### PROBLEM DESCRIPTION
The required output is the run of lines from the one holding "Mamie Morgan Simpson." through the final line of the listing, restated word for word, with no pictures.

### MATERIAL PROVIDED
○ ○ ○ ○ ○
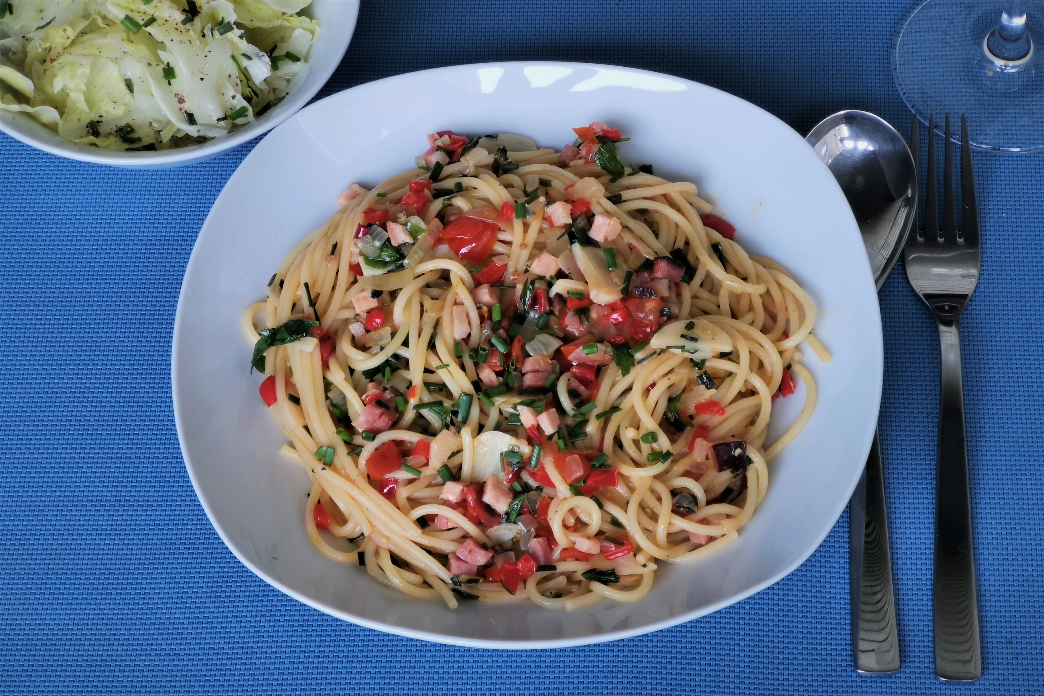 Gestern gab's eine Eigenkreation von Spaghetti, reichlich Knoblauch, Speck und mit einigen Rest'ln, die verwertet werden mussten sehr pikant gemacht und als Top feurig scharf mit Chilli angereichert. Die Italiener könnten dazu eventuell Spaghetti all' arrabbiata sagen ( :devil: ). Ua guat:
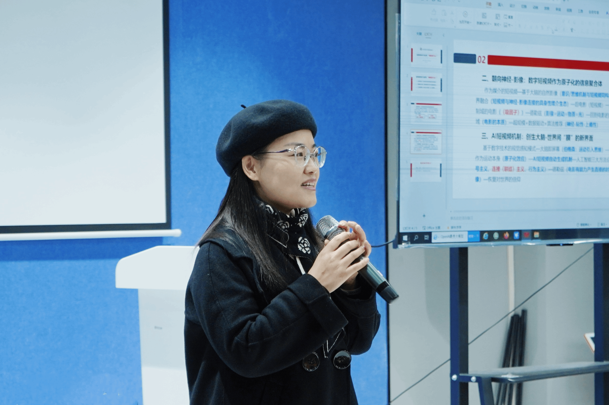 在谈及使用理论的原则时,博士强调了条件原则、情感原则和价值原则的重要性,并特别指出,人文社科类学者在写论文时切忌生搬硬套理论,应从问题(现象)出发,以理论为辅助,使研究更加贴近实际、具有深度。为了加深对这一论点的理解,袁博士还分享了自己的研究课题《短视频时代重思:“ 电影是什么 ”》,并推荐了著名电影理论家德勒兹和朗西埃的著作,为教师们打开了电影研究的新视角。
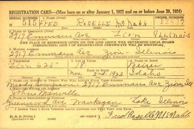 Frederick “Fred” Roselle McNabb was born on 2 November 1923 in Weiser, Idaho. He was the son of William Oliver McNabb and Mamie Morgan Simpson.
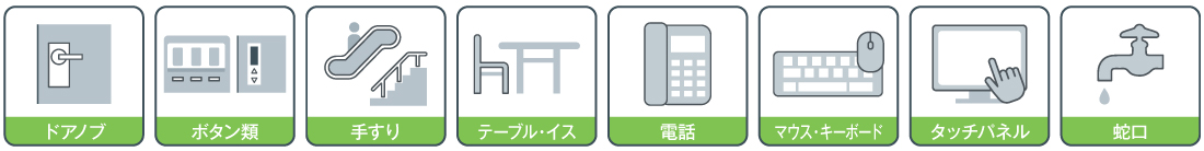 通常の汚れを除去する清掃に、特に人の手がよく触れる箇所を中心とした除菌作業を取り入れましょう。
○ ○ ○ ○ ○
### RESPONSE TO THE TASK
 Frederick “Fred” Roselle McNabb was born on 2 November 1923 in Weiser, Idaho. He was the son of William Oliver McNabb and Mamie Morgan Simpson.
 通常の汚れを除去する清掃に、特に人の手がよく触れる箇所を中心とした除菌作業を取り入れましょう。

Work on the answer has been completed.